Well--what are you waiting for to happen?


00h UTC; TUESDAY, 12 MARCH 2013: Hopefully, the Canadian readers of this somewhat esoterically snarky brand of blog understand the allusion to the perennial villain on the typically Canadian animated TV series The Raccoons (as aired on the Canadian Broadcorping Castration, with concurrent presentation on The Disney Channel south of the 49th, from 1986 until 1991, with three specials beforehand, and is still on TV in occasional reruns--not to mention on home video for a new generation to enjoy)--a cigar-smorking pink aardvark with raspy voice to match as leaves his three porcine minions handling all his pis aller under threat of turning them into Melton Mowbray pies without warning--in the titling of this particular post.

And Your Correspondent somehow acknowledges being a closet fan of The Raccoons via YouTube of late.

But there do happen to be a few other Important Matters Worthy of Discussion here at this time, so let's proceed without further delay:

So North Korean leader Kim Jong Un thinks he can kowtow the world into submission under the Glorious Banner of the Juche Idea and its Ideal of the People-Centred Socialism--especially with official propaganda out of Beautiful Downtown Pyongyang claiming that its hotline to Seoul has been closed, the ceasefire ending hostilities in the Korean War, vintage 1953, is now null and void, and that it has the sovereign right to unilaterally provoke "sacred war" in its national interests.

And for what? To flip the bird at the United Nations over the imposition of fresh sanctions thus targeted by its Security Council, with China (otherwise North Korea's Good and Loyal Drookie, or so official propaganda is forever insisting) supporting alongside the United States. And as mentioned before, Beijing can get to be rather uneasy about North Korea's intentions and delusions of grandeur.

Meanwhile, on the "AmeriKKKa Should Be More Like China" front, the just-concluded annual session of the National People's Congress of the Chinese Communist Party in Beijing's Great Hall of the People announced, among other moves in the interest of stemming corruption in the bud towards efficiency and transparency, that its debt-laden Ministry of Railways is to be amalgamated into the Ministry of Transport, thence to be restructured as the China Railways Corporation.

Fans of SpongeBob Squarepants know that "Tartar sauce!" is a common euphemistic expletive on the show, usually said when SpongeBob is in a state of frustration or anxiety. "Tartar Sauce," it turns out, is the real name of what's become known among LOLcat fans as "Grumpy Cat," who put in a personal appearence this weekend at the South by Southwest Festival (SXSW) in Austin, Texas, with fans waiting in three-block-long queues for the opportunity to see and be photographed with Grumpy Cat at Mashable's booth.

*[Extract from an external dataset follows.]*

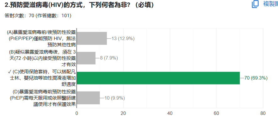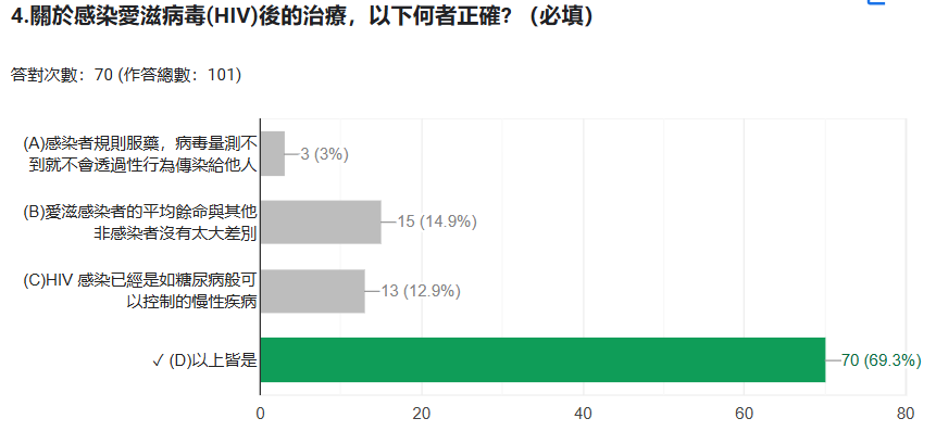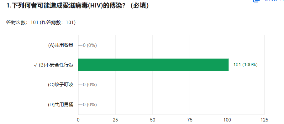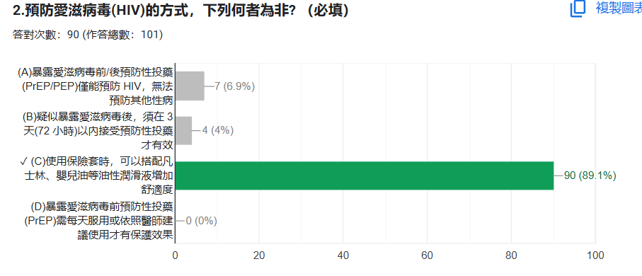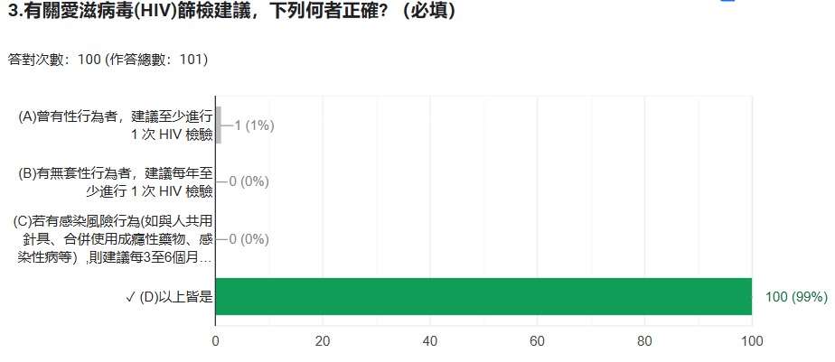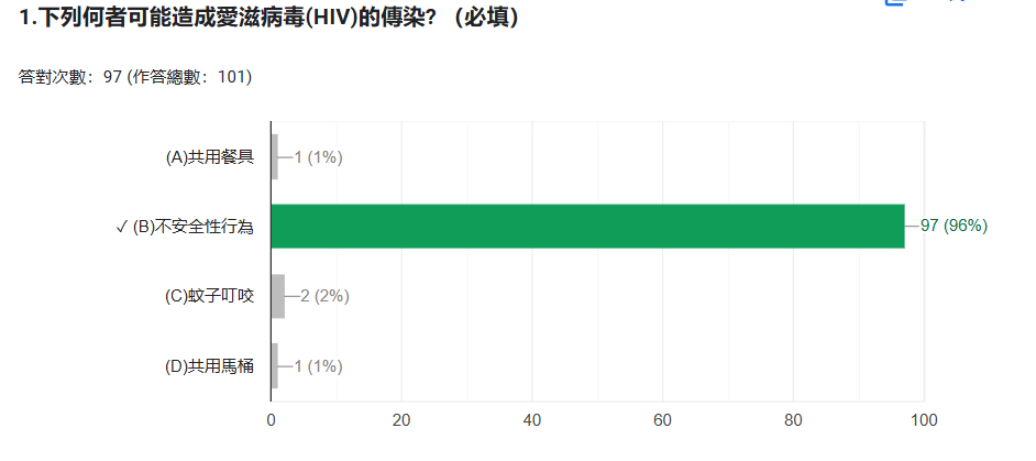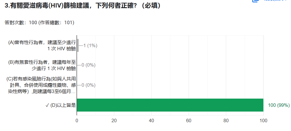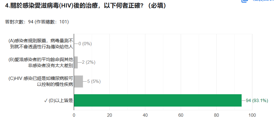 - 在愛滋防治知識題目中,多數題目答對率於後測均有明顯改善,顯示學員對相關知識的理解度提升。

Has Justin Bieber had his Fifteen Minutes of Fame,
judging by two of his recent London appearences translating into fan frustration, two Portugese shows having to be cancelled in recent days and the upcoming summer tour of America over the late spring and summer likely to see plenty of poor ticket sales and cancelled performances? If so, give us reruns of The Raccoons to kill the time.

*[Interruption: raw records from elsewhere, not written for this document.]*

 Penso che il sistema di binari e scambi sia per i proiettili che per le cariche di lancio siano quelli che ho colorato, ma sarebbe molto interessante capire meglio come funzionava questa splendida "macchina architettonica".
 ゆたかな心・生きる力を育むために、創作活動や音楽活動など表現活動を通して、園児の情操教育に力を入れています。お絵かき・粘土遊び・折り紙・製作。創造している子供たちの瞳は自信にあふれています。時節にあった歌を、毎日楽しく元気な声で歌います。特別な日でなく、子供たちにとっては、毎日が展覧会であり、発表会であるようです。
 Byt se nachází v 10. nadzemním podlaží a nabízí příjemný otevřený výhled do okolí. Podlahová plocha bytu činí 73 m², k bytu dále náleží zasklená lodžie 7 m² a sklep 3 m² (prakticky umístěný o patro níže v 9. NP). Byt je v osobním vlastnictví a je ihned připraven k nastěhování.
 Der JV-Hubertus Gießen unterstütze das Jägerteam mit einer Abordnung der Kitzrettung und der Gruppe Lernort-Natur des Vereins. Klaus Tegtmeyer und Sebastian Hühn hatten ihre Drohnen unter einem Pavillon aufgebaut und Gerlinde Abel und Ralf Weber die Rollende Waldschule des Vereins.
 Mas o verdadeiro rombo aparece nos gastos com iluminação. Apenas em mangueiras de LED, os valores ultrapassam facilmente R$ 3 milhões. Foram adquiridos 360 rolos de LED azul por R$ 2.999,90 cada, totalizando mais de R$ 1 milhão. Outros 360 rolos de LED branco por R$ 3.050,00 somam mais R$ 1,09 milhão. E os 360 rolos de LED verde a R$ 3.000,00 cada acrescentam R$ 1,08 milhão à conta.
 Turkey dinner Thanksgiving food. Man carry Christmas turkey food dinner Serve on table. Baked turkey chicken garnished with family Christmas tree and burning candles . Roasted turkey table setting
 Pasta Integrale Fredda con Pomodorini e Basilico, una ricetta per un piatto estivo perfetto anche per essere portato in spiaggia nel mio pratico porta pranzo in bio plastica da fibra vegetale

A plebiscite whose result we'd love to hear about: The British Overseas Territory of the Falkland Islands (or, as it's known to the Argentine, Las Malvinas), over which a brief, largely naval-centrist, war was fought in 1982, held a plebiscite among its residents at the weekend over its future status.

Tomorrow, it all begins: The Great Conclave of 2013, to choose the next successor to St. Peter as the last supreem head of state in the world. Its participants: 115 members of the College of Cardinals in the Roman Catholic Church, all under 80 years of age, whence 77 votes (two-thirds of their number, plus one, in line with official Church doctrine in this respect, as 115 is not evenly divisible by three) secures the papacy.

And it all happens in the Sistene Chapel, with the balloting facility in front of Michaelangelo's "The Final Judgment." The ballots themselves being mere slips of paper which read (in Latin) "I elect as Supreem Pontiff--", with space for the electors to write in the name of their choice (and, know, in such manner as will not be easily recognised).

Once case, same to be folded twice and deposited accordingly, with balloting occuring twice daily (once tomorrow, the first day of the Conclave) ... and the results thereof known to the public only by the colour of smoke issuing from the chimney connected to two furnaces whence the ballots are burned after voting: Black smoke if there's no clear winner, white if the announcement Habemus Papam ("We have a Pope") is immiment.

But tomorrow, the announcement that actually starts the Conclave is the call Extra Omnes! ("Everybody out!"), which will be the final warning for unauthorised persons to leave the Sistene Chapel vicinity before the doors are closed and locked in the interim mid-afterlunch.

Closing on the subject of The Raccoons for this time around, a question I'd like to ask Bert, the main hero and protagonist thereof, relates to his fondness for the old peanut butter: "Creamy or crunchy?" (And besides, I hope he likes the old-school stuff, the sort where the oil needs to be stirred in beforehand.)